On View: August 11, 2023 - February 5, 2024
Release Date: May 5, 2023

Pasadena, CA—The Norton Simon Museum presents Word as Image, an exhibition showcasing 20th-century artists who experimented with letters, words and symbols as visual motifs. Culled from the Museum’s collection, the objects on view offer humorous and thought-provoking encounters between pictorial and linguistic modes of expression. Artists whose work is in the exhibition include Pablo Picasso, Liubov Popova, John Cage, Andy Warhol and others.

At the beginning of the 20th century, words appeared as elements in avant-garde compositions, where they were used to break down distinctions between art and daily life. In Picasso’s Still Life with Bottle of Marc (1911), splintered lines and shapes reinvent the genre of trompe l’oeil still-life. Only the legible letters “E,” “vie” and “Marc” prompt the viewer to perceive the central object, a bottle of brandy, and recognize the composition as a café scene. In Liubov Popova’s Cubo-Futurist painting The Traveler (1915), snippets of Russian words like журналы (zhurnaly), meaning journals, and II кл, meaning second class, evoke a train’s physical environment. Partial bits of text parallel the fragmented appearance of Cubist and Futurist abstraction while capturing the dynamism of early 20th-century modernity. 

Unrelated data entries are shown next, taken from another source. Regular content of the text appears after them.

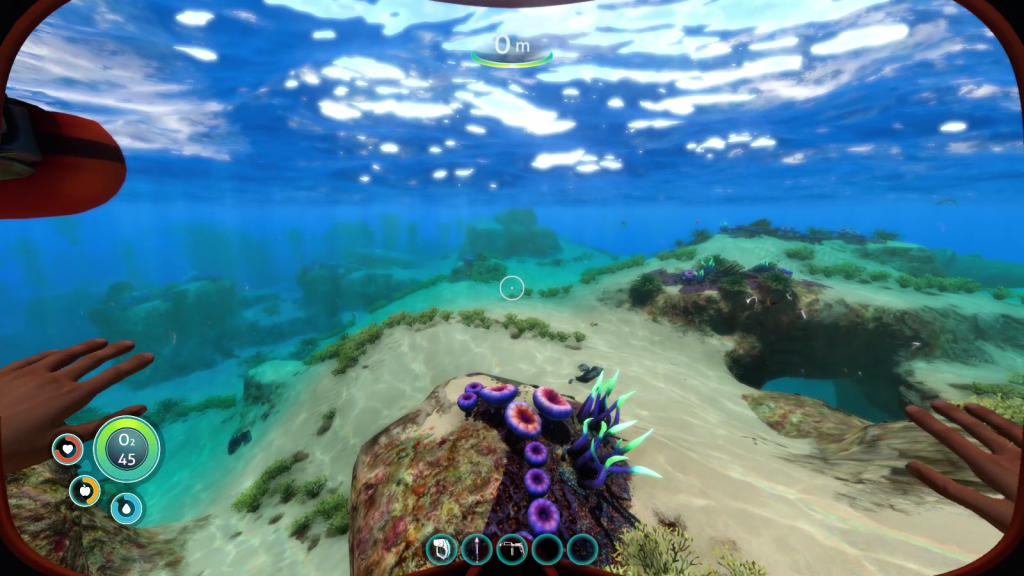 Leaving the lifepod, your first sight will be either the water or the wreckage of the Aurora. Unlike alot of survival games, Subnautica’s gameworld is fixed in terms of location, with only a few minor details & coordinates of your lifepod being randomly generated. There is no map in Subnautica, so the Aurora wreckage serves as an excellent navigation point for your explorations.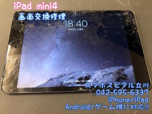 【iPad Mini4】バキバキに破損したiPad mini4も綺麗な画面へ元通り! 立川周辺でiPadの画面修理ならスマホスピタル立川店へ!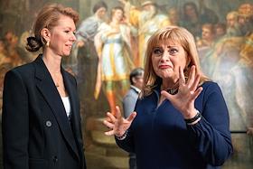 Заседание Совета реставраторов Государственного Русского музея в корпусе Бенуа. Генеральный директор Фонда поддержки культурных инициатив ПАО "Газпром" Елена Давыдова (слева) и генеральный директор Русского музея Алла Манилова перед началом заседания.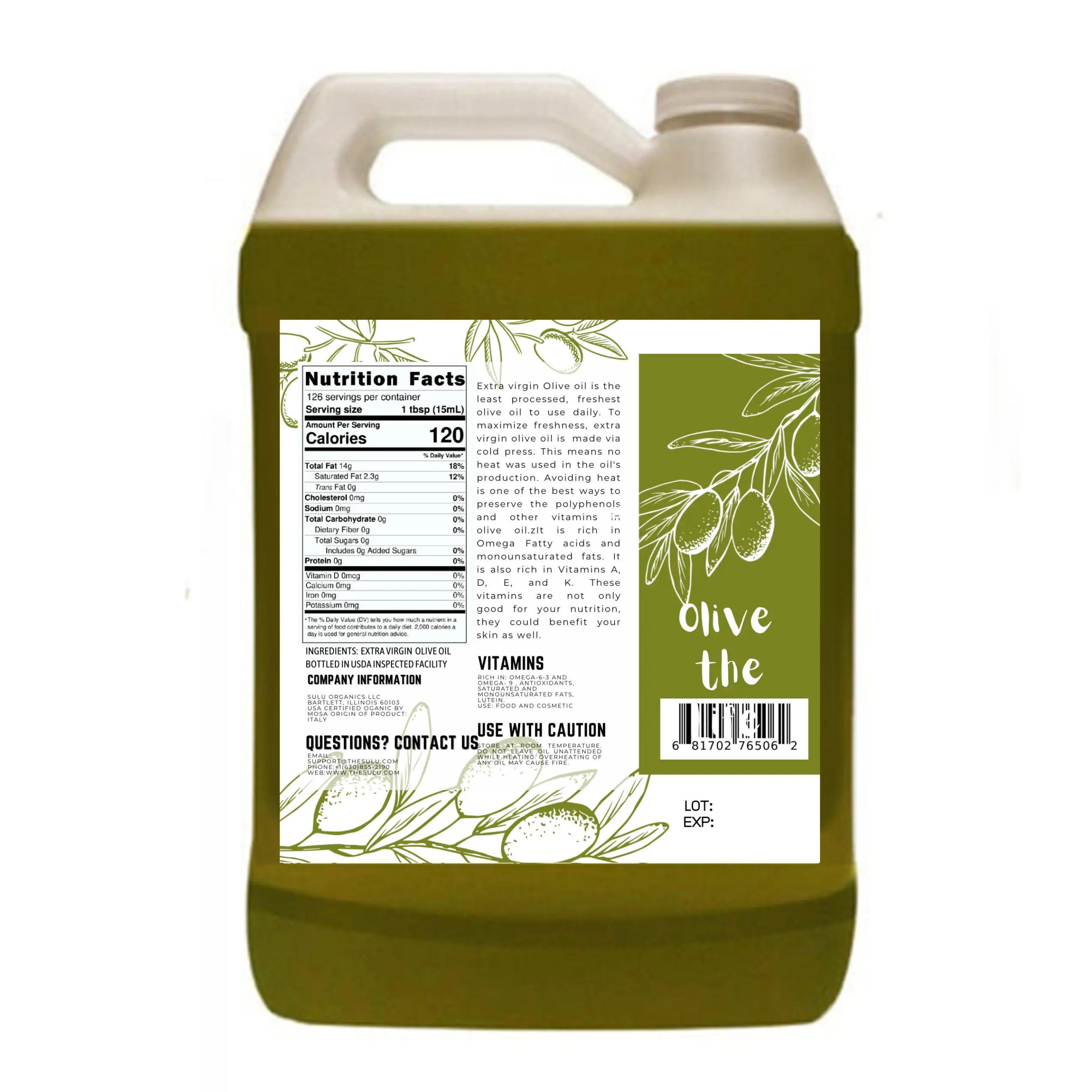 1 Gallon Extra Virgin Olive Oil- USDA Certified Organic Cold pressed Unrefined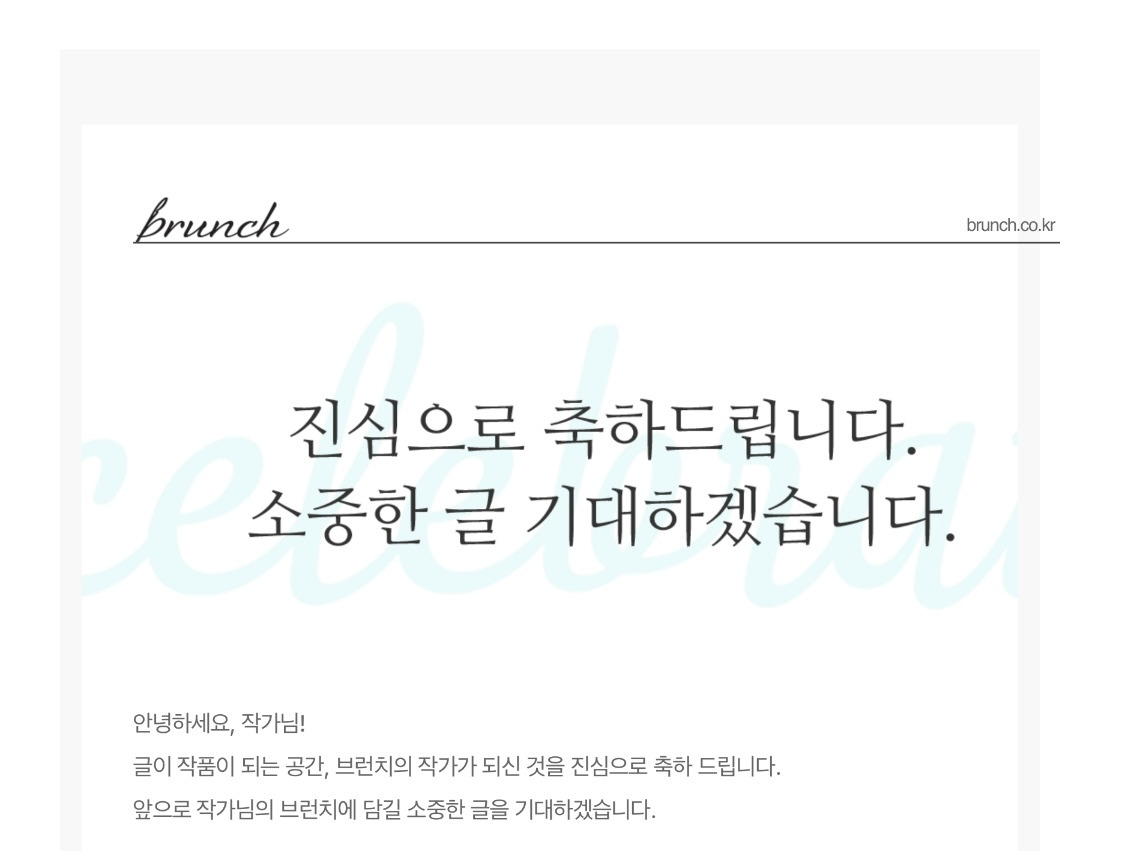 목요일 오전 9시 30분에 작가 신청서를 넣었고, 금요일 오후 5시에 작가 신청 승인 축하 메일을 받아볼 수 있었다. 정말 짜릿하다. 새해를 브런치 작가 합격으로 시작하다니!!! 대개 합격된 사람은 하루에서 이틀 사이로 발표가 나고, 반려된 사람은 조금 더 걸리는 듯하다.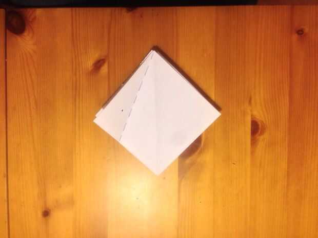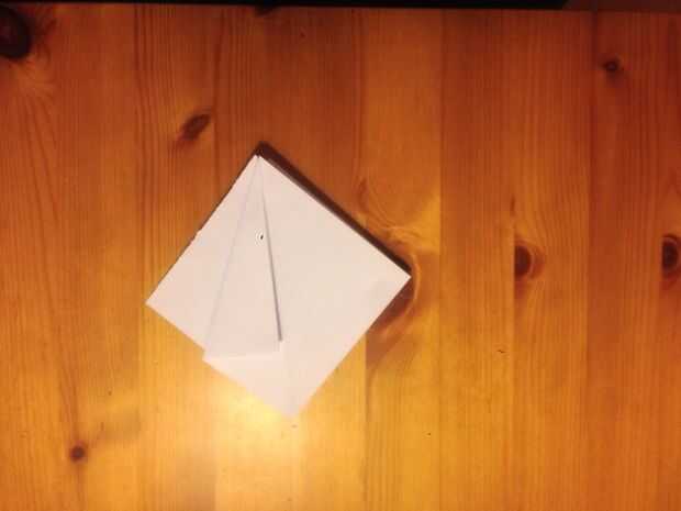 Ahora tienes que dobla las esquinas exteriores hacia el centro como se muestra en la imagen. Recuerde tener la abertura hacia la parte puntiaguda del doblez.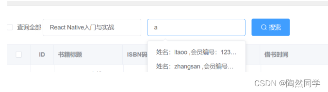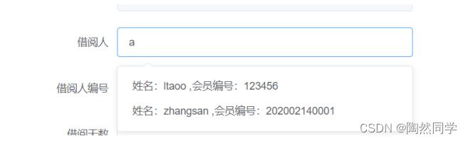 1. 输入【借阅人姓名】,查询数据库相关用户,给出输入建议
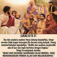 Yesus menjawab mereka: “IbuKu dan saudara-saudaraKu ialah mereka, yang mendengarkan Firman Allah dan melakukannya.”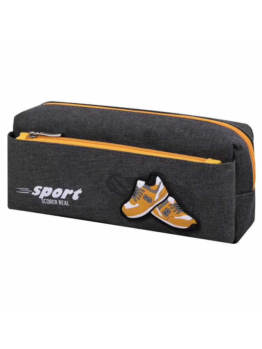 Купить Пенал мягкий юнландия, 2 отделения, полиэстер, "Sport scorer", серый, 20х9х6 см, 271575, в комплекте 1шт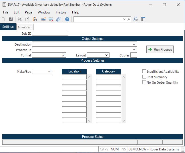 Location Enter the inventory locations you wish to appear in this report. The available inventory will only be calculated for these locations. If no entry is made in this field, all locations will be selected.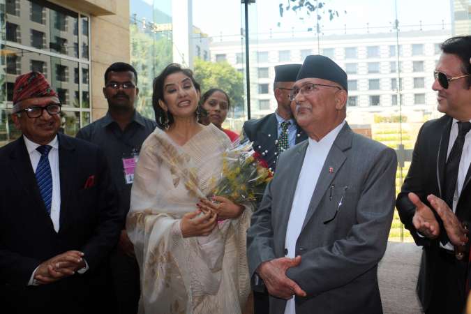 मुम्बईस्थित होटल ग्रान्ड हायातमा बलिउड फिल्म उद्योगका कलाकारहरु मनिषा कोइराला, गोविन्दा, मुरलीधर, उदितनारायण झा, तब्बु, बप्पी लहरी, बपीन अलीलगायतले प्रधानमन्त्री ओलीसँग भेट गरेका हुन् ।

As the century progressed, Pop and Conceptual artists responded critically to their social and cultural climates by inventing visual forms, sometimes co-opting contemporary cityscapes full of billboards and graffiti-covered walls. Claes Oldenburg and Ed Ruscha evoked Los Angeles through prints of monumental architectural letters, as both considered the city’s signage part of its essential identity. Similarly, Warhol’s iconic Campbell’s Soup series (the Museum’s edition is dated 1968) appropriates the visual language of mass production and typographic design to blur the distinction between fine art and advertisement. Language also serves as an inside joke for many works in the exhibition, like Robert Heinecken’s photogram Recto/Verso, 1/5 (1988), which offers a critique of fashion magazines and beauty standards. Here a single legible headline, “A Neutral Presence,” ironically accompanies a distorted image of reversed text and superimposed women’s bodies, thereby interrupting the passive consumption of mass media.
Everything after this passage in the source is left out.